İmam Rabbânî Hazretleri Mektubat’ında birkaç yerde, Hindistan’a çok peygamber gönderildiğine keşfen şahit olduğunu söyler.[1] Ölümünden bunca yıl geçmiş olmasına rağmen, hâlâ –min indillâh– tasarrufunun devam ettiği kabul edilen ve “Müceddid‑i Elf‑i Sânî” lakabıyla anılan İmam Rabbânî gibi yüce bir Hak dostunun, ulu orta konuşacağına zannediyorum kimse ihtimal vermez.

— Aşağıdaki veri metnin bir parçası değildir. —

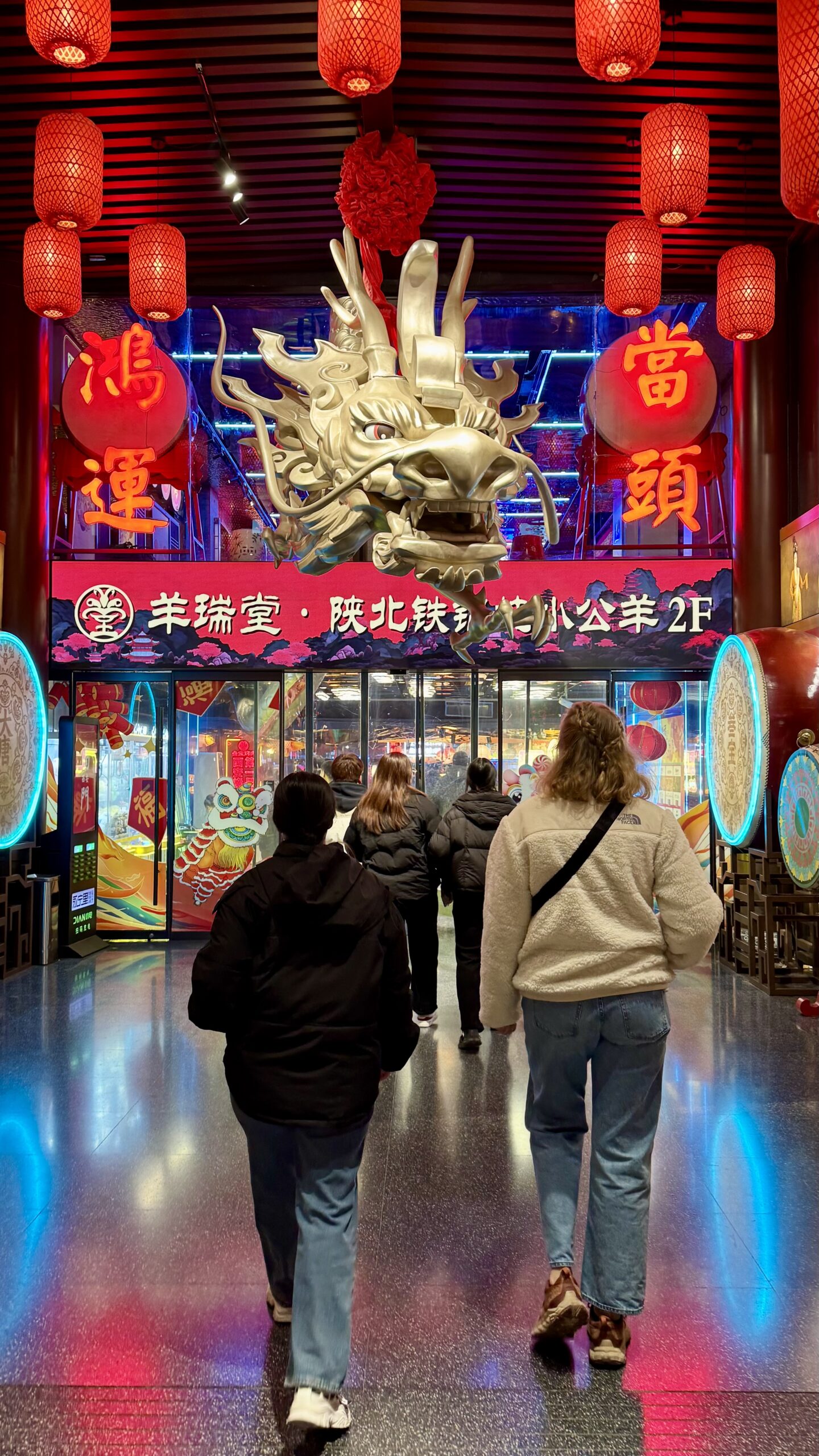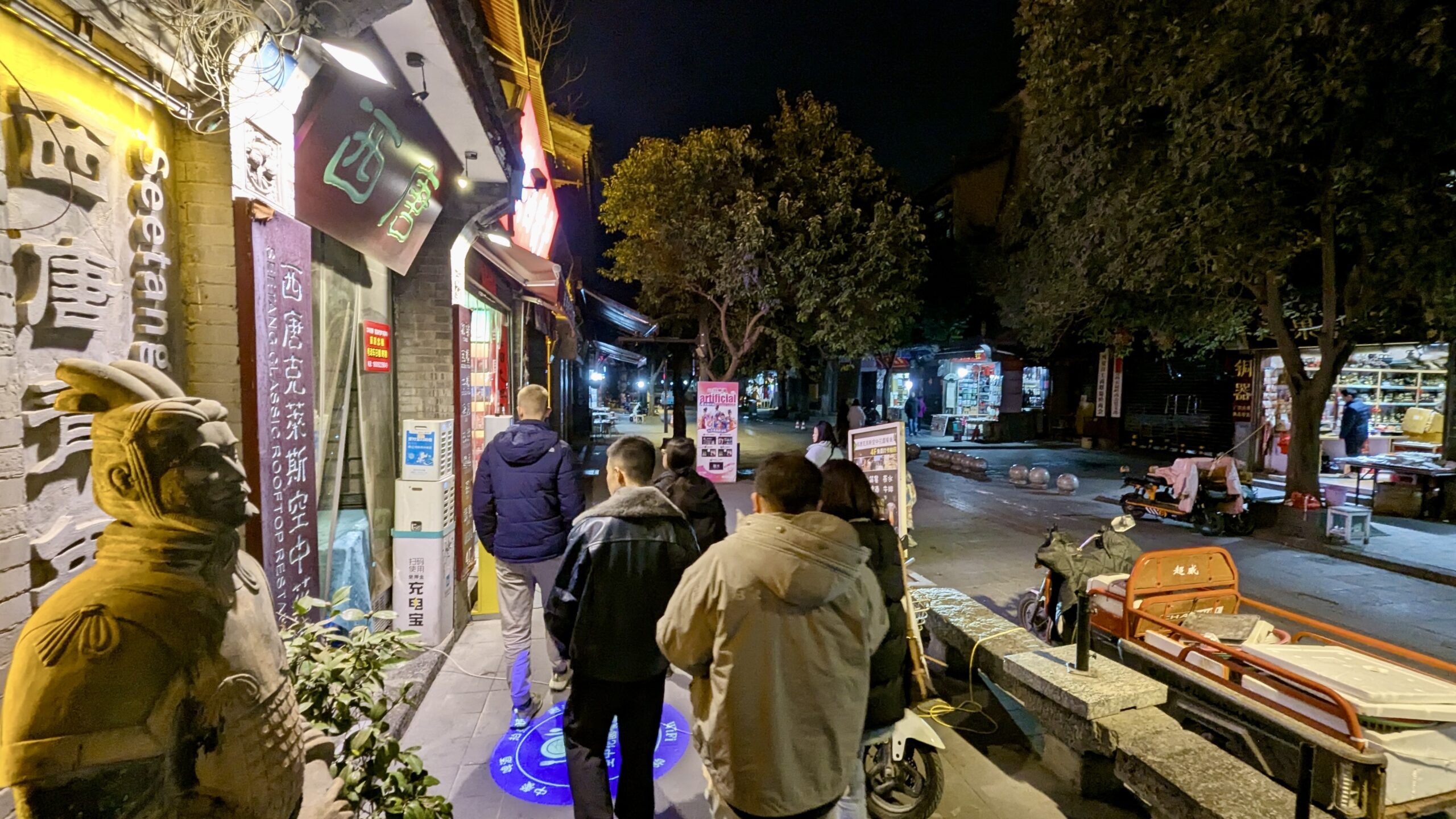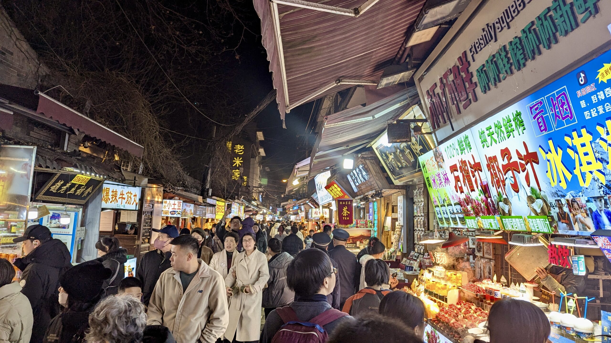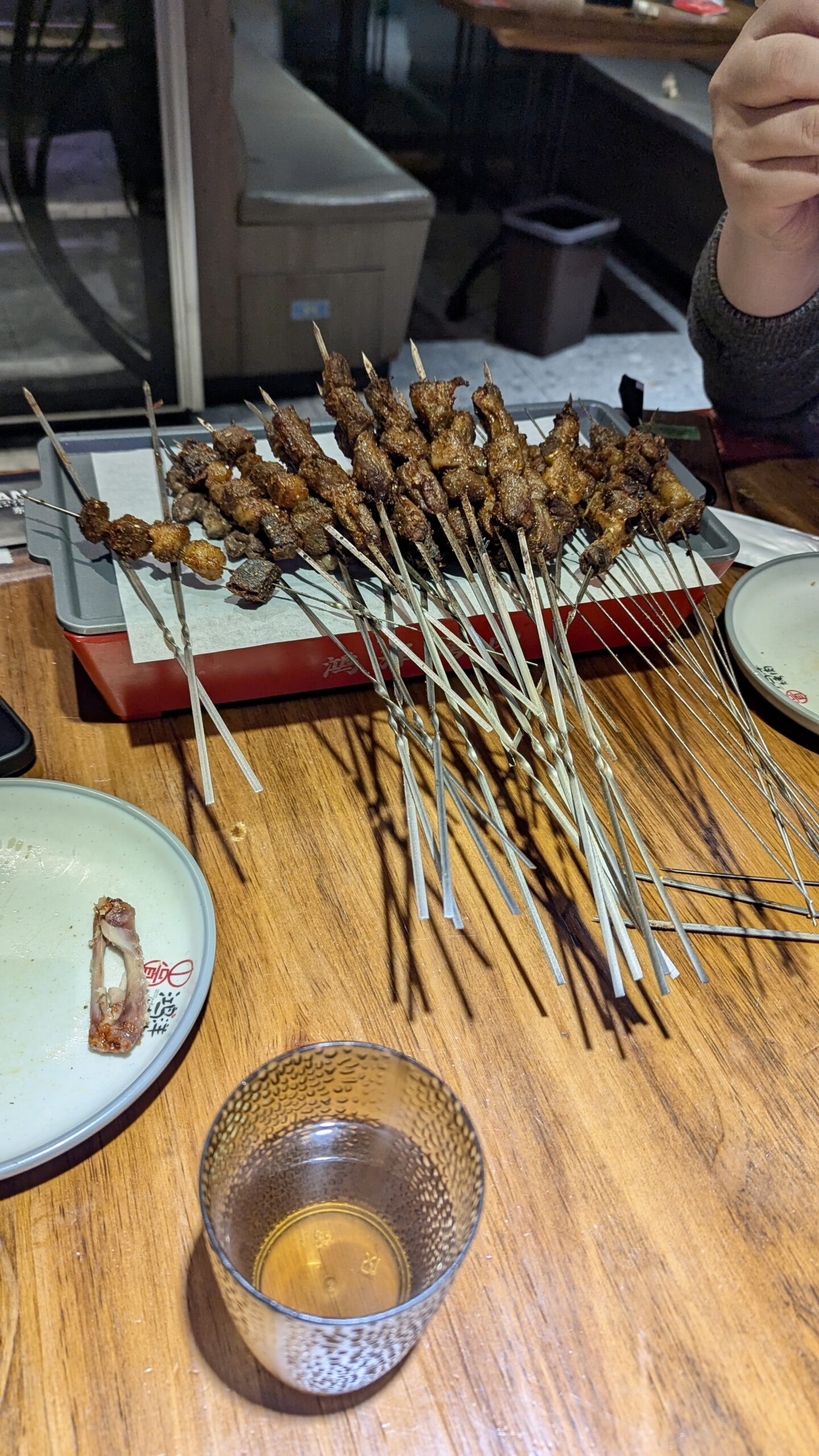 Nachts war die Straße besonders beeindruckend – wunderschön beleuchtet und voller Leben. Man konnte das pulsierende Nachtleben förmlich spüren. Während wir noch ein wenig durch die Straßen schlenderten, halfen wir Xinyang, ein Mitbringsel für seine Freundin in Harbin zu finden. Danach führte uns Wang gegen 0:30 Uhr in ein chinesisches BBQ-Restaurant.

Şimdi bir taraftan âyet‑i kerimeler, öte taraftan hadis‑i şerifler ve velilerin beyanları bu meseleye, aksine ihtimal vermeyecek bir ölçüde kat’iyet kazandırmasına mukabil farklı iddialar bir mantık zaafı olsa gerek.
İşte bu resûl ve nebiler, Üstad Hazretleri’nin yaklaşımı içinde; tevhid, nübüvvet, haşir, adalet ve ubûdiyet gibi temel hususlarda ittifak etmiş, teferruata ait bazı hükümlerde ise, ittifakın yanı sıra, ihtilaf da ettikleri olmuştur. [2] Fakat bunların tespiti bugün imkânsız denecek kadar zordur. Zira İslâm dini haricinde hemen her din, pek çok defa tahrif ve tağyir çarkları arasından geçme tali’sizliğine uğramıştır.
- tarihinde hazırlandı.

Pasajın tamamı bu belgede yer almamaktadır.